* _WHAT IS REQUIRED_:
Reproduce each line of the material exactly, minus any picture.

* _SUPPLIED INFORMATION_:
= Beginning of Section =
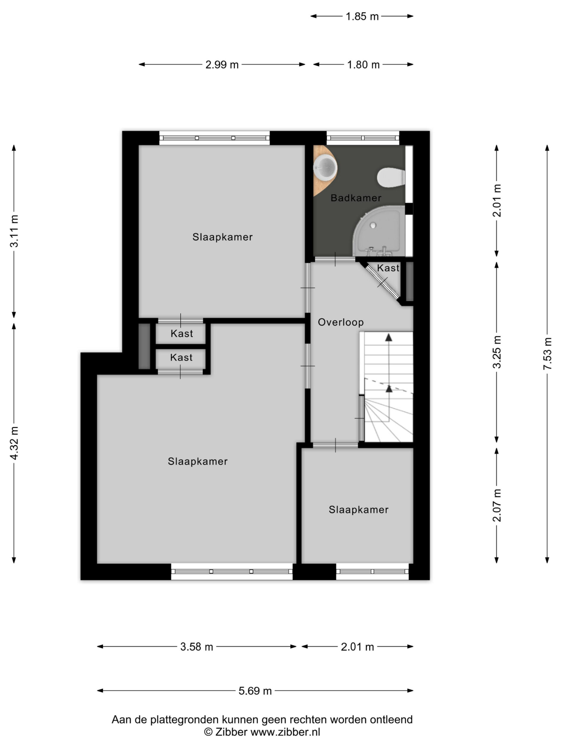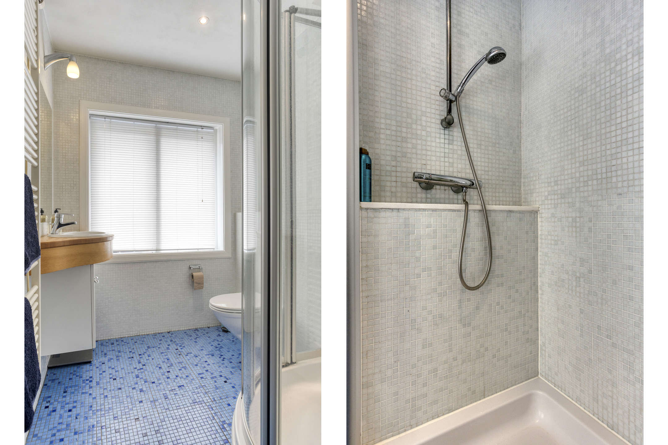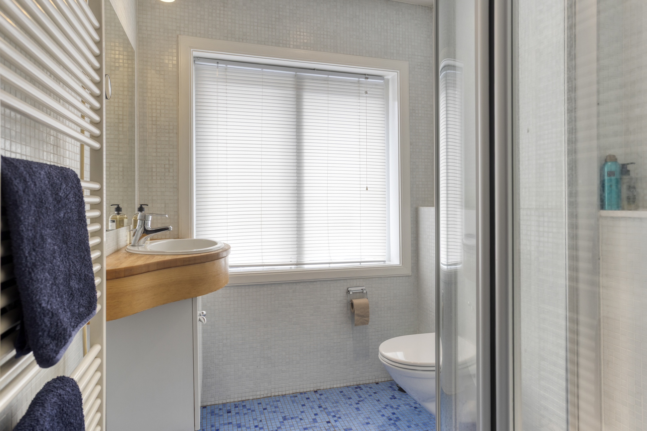 Vanaf de overloop heb je toegang tot drie slaapkamers: twee ruime kamers en een derde, kleinere kamer die zich uitstekend leent als kantoor, kinderkamer of inloopkast. Ook bevindt zich op deze verdieping de badkamer, die is uitgerust met een douche, een wastafel met meubel en een toilet.
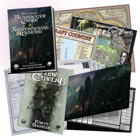 Dodatkowo zawiera 5 kart Badaczy i kolorowe Krainy Lovecrafta, Świata Cthulhu i Arkham i okolic.
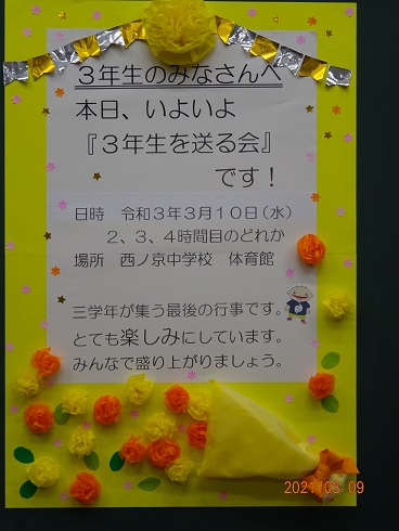 今朝,3年生の教室には,在校生からのメッセージが掲示されていました。体育祭の縦割りの色に合わせた花束には,送る会を成功させようという後輩たちの思いがあふれています。
= End of Section =
* _ANSWER SPACE_:
 Vanaf de overloop heb je toegang tot drie slaapkamers: twee ruime kamers en een derde, kleinere kamer die zich uitstekend leent als kantoor, kinderkamer of inloopkast. Ook bevindt zich op deze verdieping de badkamer, die is uitgerust met een douche, een wastafel met meubel en een toilet.
 Dodatkowo zawiera 5 kart Badaczy i kolorowe Krainy Lovecrafta, Świata Cthulhu i Arkham i okolic.
 今朝,3年生の教室には,在校生からのメッセージが掲示されていました。体育祭の縦割りの色に合わせた花束には,送る会を成功させようという後輩たちの思いがあふれています。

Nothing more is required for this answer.